Abstract. To estimate the quality of the induced predictive model we
generally use measures of averaged prediction accuracy, such as the relative
mean squared error on test data. Such evaluation fails to provide
local information about reliability of individual predictions, which can
be important in risk-sensitive fields (medicine, finance, industry etc.).
Related work presented several ways for computing individual prediction
reliability estimates for single-target regression models, but has not
considered their use with multi-target regression models that predict a
vector of independent target variables. In this paper we adapt the existing
single-target reliability estimates to multi-target models. In this way
we try to design reliability estimates, which can estimate the prediction
errors without knowing true prediction errors, for multi-target regression
algorithms, as well. We approach this in two ways: by aggregating reliability
estimates for individual target components, and by generalizing
the existing reliability estimates to higher number of dimensions. The
results revealed favorable performance of the reliability estimates that
are based on bagging variance and local cross-validation approaches. The
results are consistent with the related work in single-target reliability
estimates and provide a support for multi-target decision making.
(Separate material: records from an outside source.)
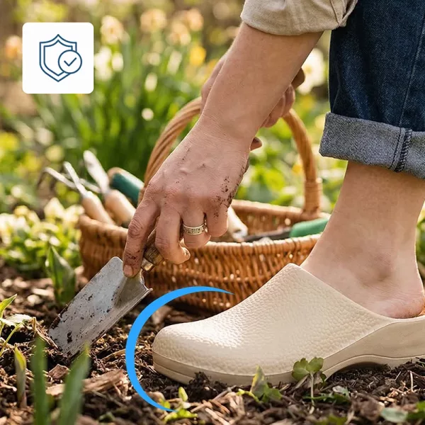 Choďte bezpečně po jakémkoli povrchu, i po dešti nebo polití. Speciální vzorek podrážky zabraňuje nechtěnému klouzání v kuchyni nebo na trávě.
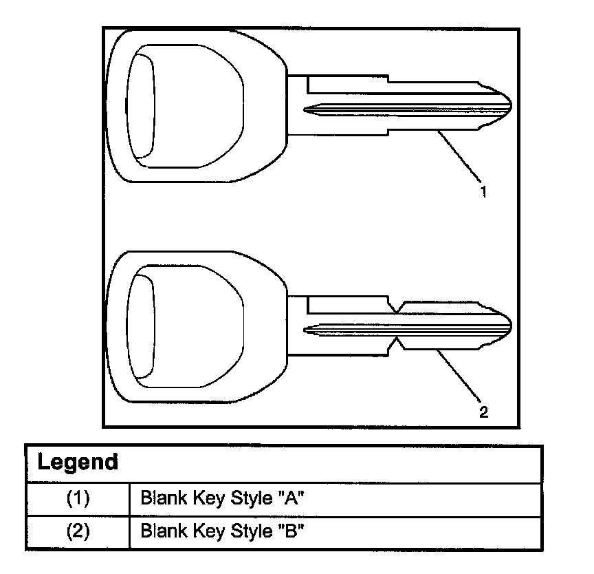 The keys come in styles A or B depending on the key code cutting combination. When the first position in the combination is a 1, 2 or 3, Style A is used. When the first position is a 4, Style B (factory pre-cut key) is used.
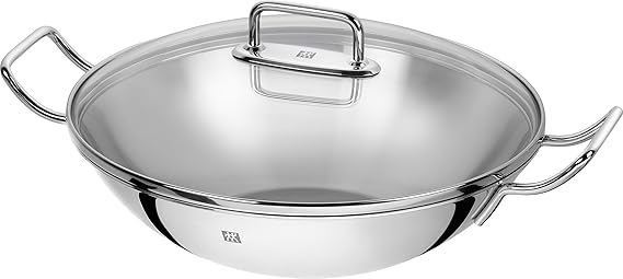 LPNHE945971437 – Patel ZWILLING Wok 40992-332-0, z pokrywką ze szkła i wyjmowanym wkładem do grillowania, odpowiedni do indukcji, Ø 32 cm, stal nierdzewna, Plus, srebrny – E352
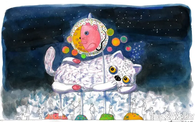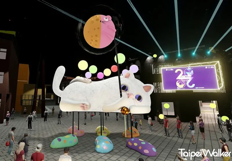 因此,這次創作的西區主燈《躲貓貓》,以俏皮可愛且療癒感十足的貓咪追老鼠,來展現城市的慧黠活力,也希望能帶給賞燈者愛與幸福感。十分關注社會政治的林舜龍,將許多當代政治與社會元素,以充滿童趣的泡泡、雪花燈、軟糖、貓咪與老鼠的夢境感來呈現。一走進作品內,代表西區在地歷史的Disco霓虹燈,定時會噴出如棉花般軟綿綿的煙霧效果,彷彿進入夢境之中。林舜龍也鼓勵來賞燈的民眾,能做一點可愛的變裝,讓整個燈節不只賞燈,而是一個可愛的嘉年華派對。
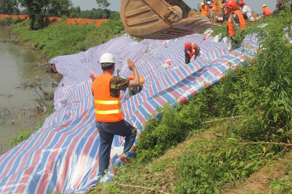 迎水面鋪設防沖彩條布
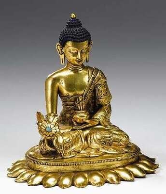 Finely cast and seated in dhyanasana, with left hand in dhyanamundra supporting a flaming bowl, while the left hand in bhumisparsamundra supports a turquoise mounted flower head, blue tone tightly curled hair and bud usnisha, scroll incised robe, open at chest, beaded base and flat petal lotus base, copper impressed base.
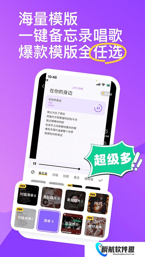 3、打造K歌音效、智能升降调、一键修音、超新潮音乐视频模版、特效、配图。
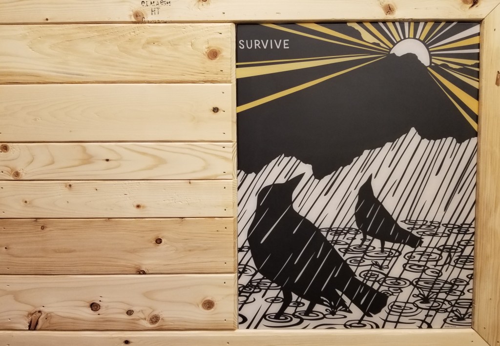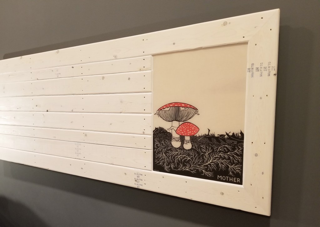 As with the ‘Mother’ piece, I tried to hold onto the lumber stamps as much as possible. I also tried to select the individual pieces of 1×4 for their color, wood grain, and knot pattern. This was more important for this piece since it was left ‘natural’, with only a couple coats of Osmo for some protection and for a slight ambering effect. The natural tones of the wood and the inky black in the artwork make for a nice combination with the intensity of the red on the wall:

In the paper we proposed several approaches for estimating the reliabilities of
individual multi-target regression predictions. The aggregated variants (AM, l
and +) produce a single-valued estimate which is preferable for interpretation
and comparison. The last variant (+) is a direct generalization of the singletarget
estimators from the related work.
Our evaluation showed that best results were achieved using the BAGV and
the LCV reliability estimates regardless the estimate variant. This complies with
the related work on the single-target predictions, where these two estimates also
performed well. Although all of the proposed variants achieve comparable results,
our proposed generalization of existing methods (+) is still the preferred variant
due to its lower computational complexity (as estimates are only calculated once
for all of the target attributes) and the solid theoretical background.
In our further work we intend to additionally evaluate other reliability estimates
in combination with several other regression models. We also plan to test
the adaptation of the proposed methods to multi-target classification.
Reliability estimation of individual predictions offers many advantages especially
when making decisions in highly sensitive environment. Our work provides
an effective support for model-independent multi-target regression.